The British Columbia Information and Privacy Commissioner’s drivers license swiping case (from July 21st) nicely illustrates some points about justifying personal information collection under a necessity standard – a standard for collection common to both public and private sector Canadian data protection legislation.

The IPC’s most significant finding was that Vancouver’s “Wild Coyote Club” could not require patrons to consent to a drivers license swipe (or surrender a piece of ID) as a condition of service because the related collection of personal information went beyond what is “necessary to provide the product or service.” It affirmed that British Columbia PIPA requires that a mandatory collection be reasonably necessary rather than strictly necessary. It also articulated the following two-part test (emphasis added):

For personal information to be “necessary” for the purpose of s. 7(2) of PIPA, the purposes for the collection, use or disclosure must be integral to the provision of the product or service. In addition, the personal information must fulfill a significant role in enabling the organization to achieve that purpose.
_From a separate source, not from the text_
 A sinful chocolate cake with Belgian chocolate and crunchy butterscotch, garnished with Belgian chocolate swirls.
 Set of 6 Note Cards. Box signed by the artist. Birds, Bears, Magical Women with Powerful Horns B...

The IPC said that these questions will be assessed in light of the sensitivity of the personal information being collected and whether there are less intrusive means of meeting a legitimate objective for collecting the information.
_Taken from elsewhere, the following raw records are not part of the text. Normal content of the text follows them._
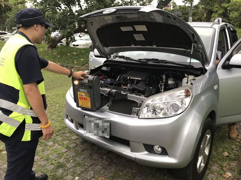 【記者林周龍/宜蘭報導】邱姓男子戴著全家人到國立傳統藝術中心旅遊,下車時忘記關閉大燈,以致電源耗盡無法啟動引擎,因人地生疏,不知道那裡有汽車電氣行可充電,於是打電話向羅東警分局利澤派出所求救,警員楊維倫接獲電話攜帶充電器材前往協助電瓶充電,邱姓男子一家人對在地警察熱心服務精神深表感激。
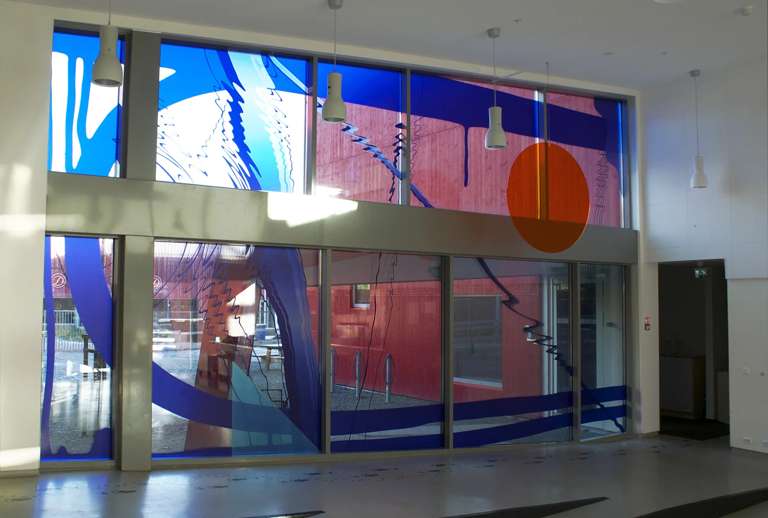 Motivet er vekselvis trykket med dekkende og transparente farger, dette for å gi et spill i overflaten og for at motivet skal slippe igjennom lys. Sirkelen i pleksiglass henger fritt fra taket og påvirkes av luft og aktiviteter i rommet.
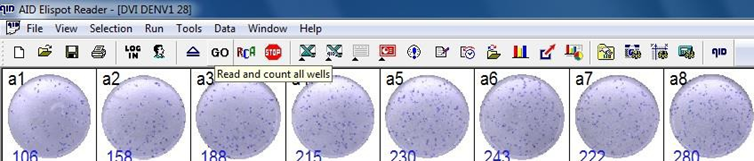 The neutralizing activity of a test serum is determined by its ability to reduce the number of virus foci compared to the number seen in negative controls. As negative controls act row A in every inoculation plate (negative serum with virus; see figure 2) as well as the lanes 11 and 12 in each inoculation plate (virus only). Additionally, the virus concentration used for infection/neutralization can be controlled by using the back titration calculation*. A reduction of plaque count of 50% is taken as the neutralizing end point (FRNT50 titer). A reduction of plaque count of 90% is taken as the neutralizing end point (FRNT90 titer).

In one sense, the decision demonstrates that broad grounds of justification based on theories of human behavior are hard to argue. In this case, every patron whose license was swiped also had his or her picture taken. The picture was matched with the information from the license, so the club (and law enforcement) had access to picture-based index of all individuals in the establishment on any given night. The club and the other parties who participated in support of swiping argued that such a system would significantly reduce incidents of violence. Though their theory – that individuals would modify their behavior if they know they are identifiable – is logical, the respondent and intervenors did not present any evidence (either statistical or from social science) to show that their theory was true, or to at least show that swiping provided a significantly better violence  deterrent than video surveillance alone. (The IPC addressed the club’s need to keep banned individuals from entering the club separately, and approved of the matching of identifying information other than drivers license numbers against like identifying information in a banned individuals database.)

In another sense, the decision illustrates that having a better record of an event will not ordinarily be sufficient to justify collecting personal information. One cannot dispute that a drivers license swipe creates a highly accurate record of (1) the fact that a patron presented a drivers license and (2) that the drivers license presented contained certain data in electronic form. So the scanning system in place at the club gave it a very accurate record of due diligence, but this wasn’t sufficient justification for the collection of identifying information itself. On this point, the IPC noted correctly that a drivers license swiping system only records the identification someone presents and does not ordinarily aid in authenticating the individual, which still must be done by a door person’s visual inspection of picture identification. The IPC acknowledged a swiping system protects against “passbacks” – a scheme which involves the use of the same identification piece by two different people – but said the club had presented no evidence to demonstrate that passbacks were a significant problem that it encountered in enforcing the terms of its liquor license.

David Fraser has covered the ID swiping issue very well. Click here for an index of his posts.

Order P09-1, 2009 CanLII 38705 (BC I.P.C.).